• WHAT YOU ARE ASKED TO DO:
With the line containing "dağ logosu yaması" as the final line, restate exactly every line of the data below from the first one onward, and copy no pictures.

(Stored records)
═══
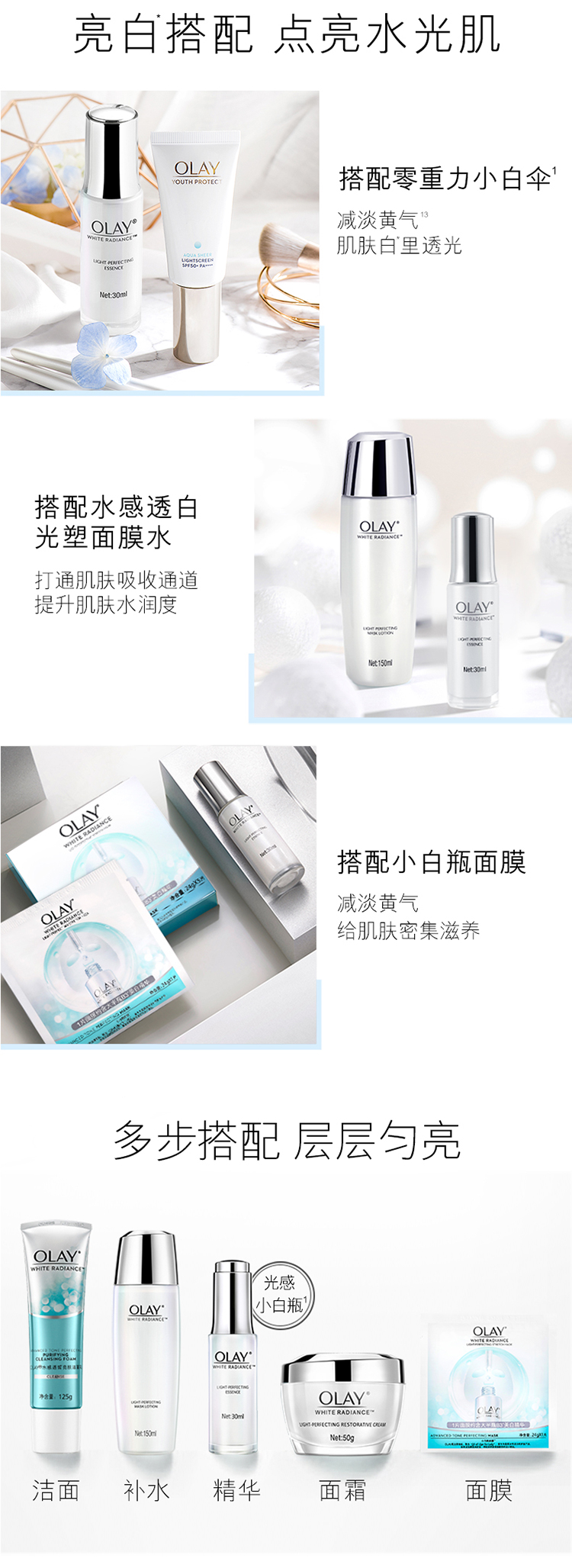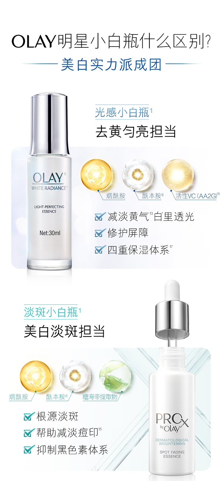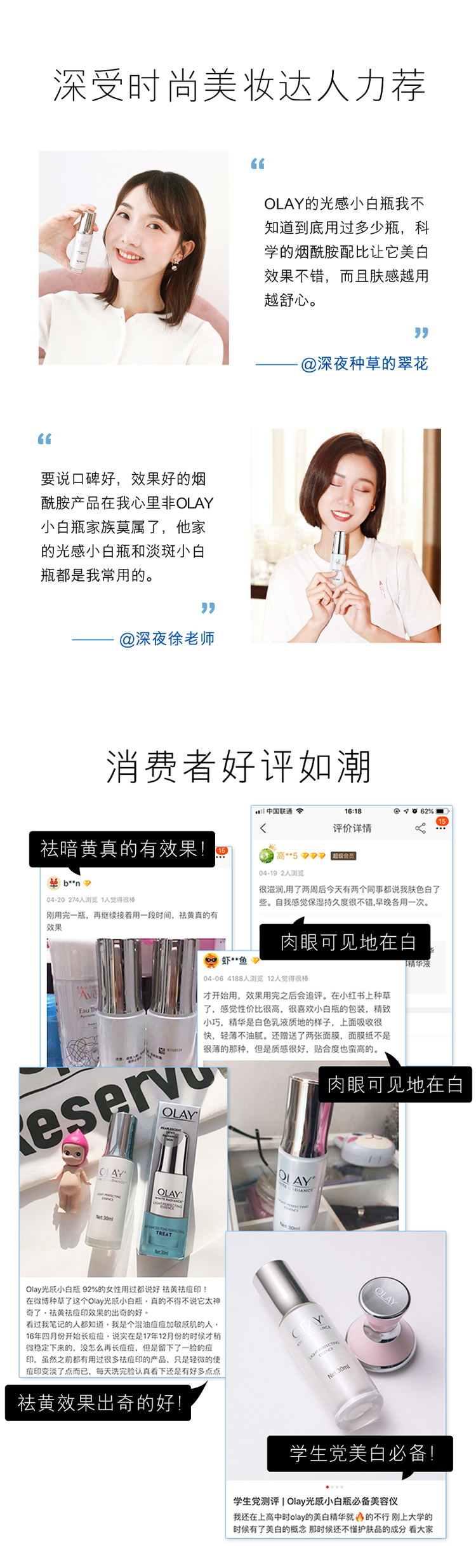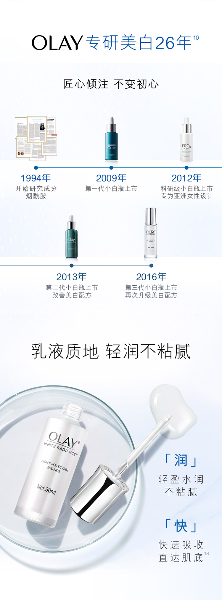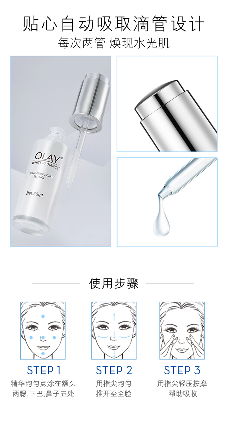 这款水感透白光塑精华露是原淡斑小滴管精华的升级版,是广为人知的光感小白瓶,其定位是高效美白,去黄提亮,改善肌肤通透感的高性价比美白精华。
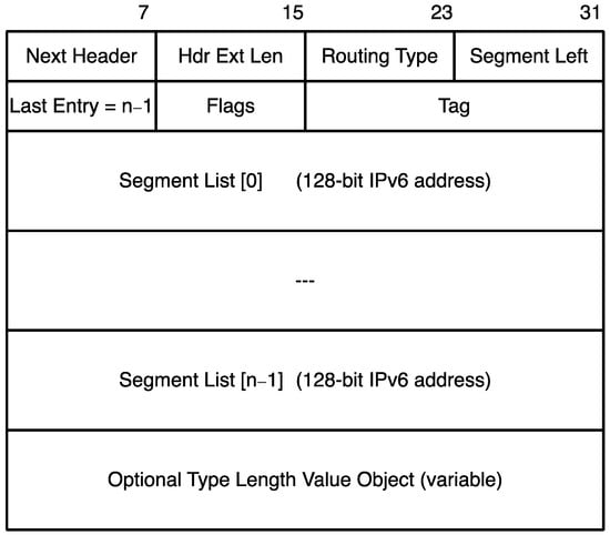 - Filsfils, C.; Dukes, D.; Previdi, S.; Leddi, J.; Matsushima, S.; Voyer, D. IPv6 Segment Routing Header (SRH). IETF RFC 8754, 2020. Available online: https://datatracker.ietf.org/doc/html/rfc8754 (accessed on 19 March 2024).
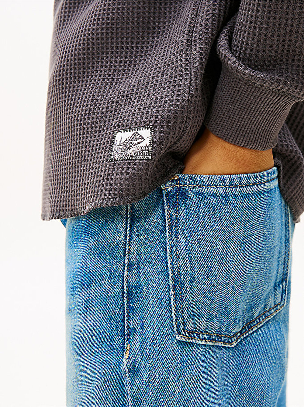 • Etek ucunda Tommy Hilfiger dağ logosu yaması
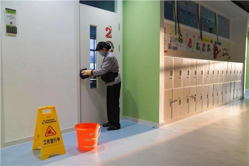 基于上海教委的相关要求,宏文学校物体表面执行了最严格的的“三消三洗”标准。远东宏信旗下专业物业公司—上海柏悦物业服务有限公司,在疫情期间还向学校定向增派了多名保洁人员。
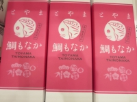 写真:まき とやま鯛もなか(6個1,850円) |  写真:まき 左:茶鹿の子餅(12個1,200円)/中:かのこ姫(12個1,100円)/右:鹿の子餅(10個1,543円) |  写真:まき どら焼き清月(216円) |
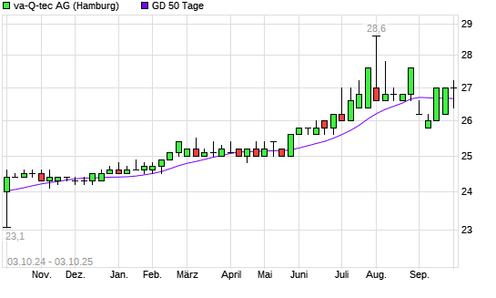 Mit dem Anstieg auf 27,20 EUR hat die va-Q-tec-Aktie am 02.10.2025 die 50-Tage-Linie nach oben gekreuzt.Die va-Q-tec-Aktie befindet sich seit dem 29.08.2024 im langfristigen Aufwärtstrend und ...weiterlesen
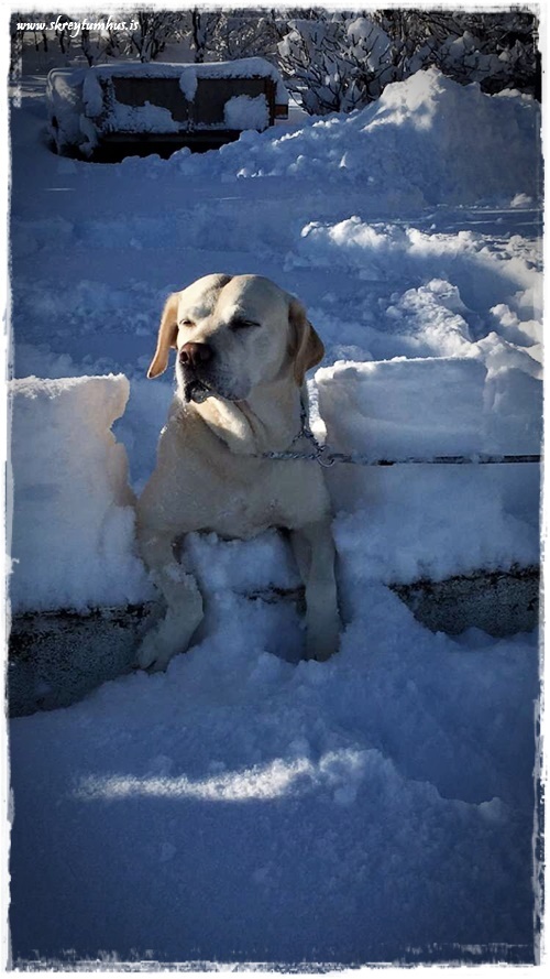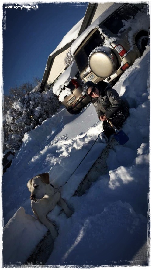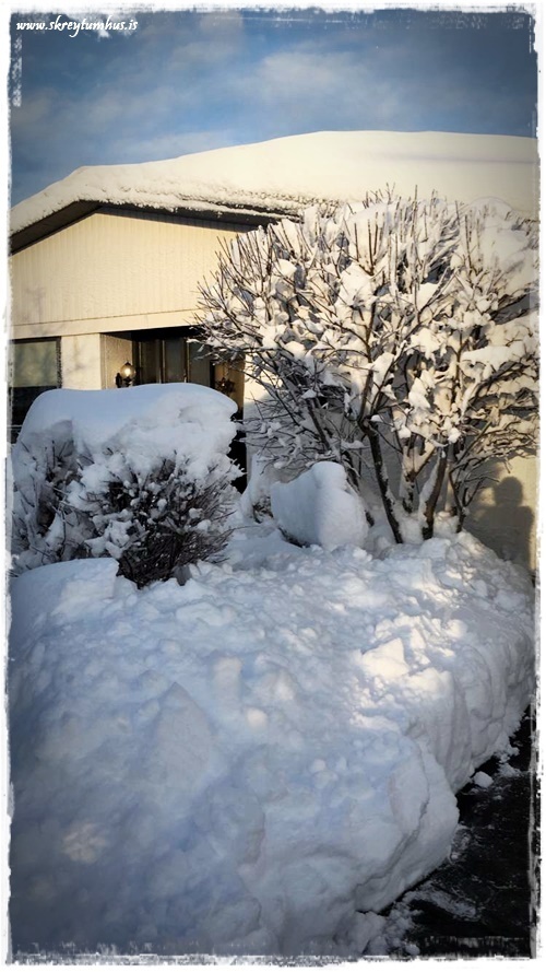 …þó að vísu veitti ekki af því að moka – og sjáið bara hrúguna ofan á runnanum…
═══
• RESPONSE FOR THIS EXERCISE:
 这款水感透白光塑精华露是原淡斑小滴管精华的升级版,是广为人知的光感小白瓶,其定位是高效美白,去黄提亮,改善肌肤通透感的高性价比美白精华。
 - Filsfils, C.; Dukes, D.; Previdi, S.; Leddi, J.; Matsushima, S.; Voyer, D. IPv6 Segment Routing Header (SRH). IETF RFC 8754, 2020. Available online: https://datatracker.ietf.org/doc/html/rfc8754 (accessed on 19 March 2024).
 • Etek ucunda Tommy Hilfiger dağ logosu yaması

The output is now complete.